I felt slightly guilty taking applause and encouragement from the remaining marshalls and spectators but it really helped to keep me going – some of the hills were leg sapping so I’d like to extend my thanks to the marshalls and spectators of the Cotswold Classic 10M for helping me to run my furthest distance since the 2006 Great North Run and only 2 kilometre short of a half marathon.

This has been a longer-than-normal post so thank you for reading!
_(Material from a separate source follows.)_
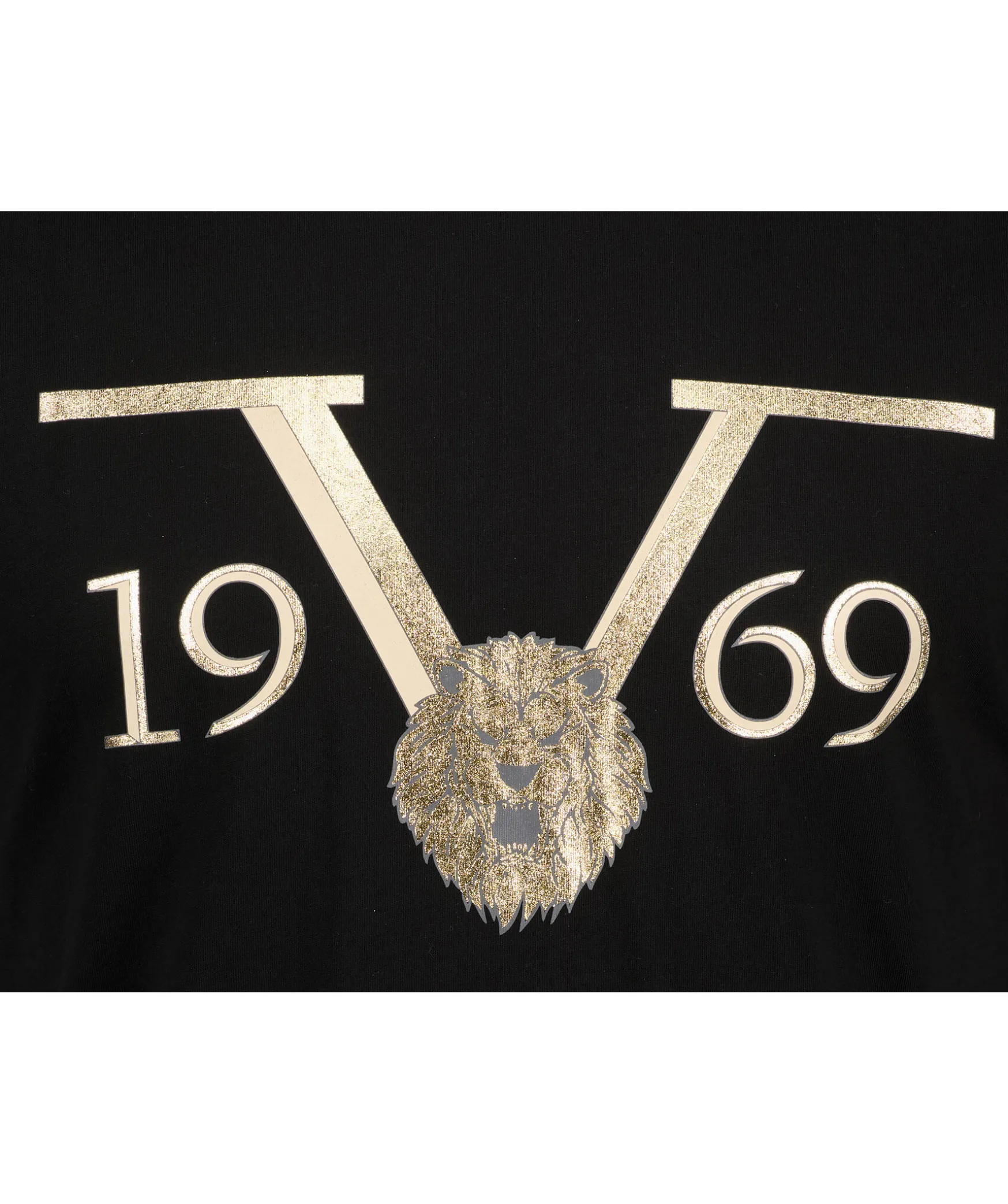 Svart T-Shirt Fran 19V69 Italia By Versace. Tillverkad I 100% Bomull. Guldglittrig Logotyp Pa Brostet. Ribbstickad Halsringning.

9 thoughts on “Being Thankful”

  1. I was practically next door to you on 11 September 2001, in the newsroom at BBC Newcastle. It’s a day I will never forget as that morning I got the news that my sister had had a baby boy – the first of a new generation in our family. And later I watched the rolling news broadcasts from New York and wondered what kind of world he was being born into.
    Your story is even more amazing and emotional and shows the two sides of life that we saw on that day – the joy and the sorrow, the celebration and the loss. It’s good to know cancer can be beaten, just as acts of terrorism can be defeated by celebrating the best of the human spirit.
    All the best with your running.

  2. What an amazing post! Wishing you both only joy and happiness for the future.. I have a good friend who survived breast cancer, like T she luckily found the lump early, and can totally empathise with all you went through, and just very happy that both out tales have happy endings!

  3. Good writing Mr Dan! A privilege to know both you and ‘Your Wife’. Keep up the good work.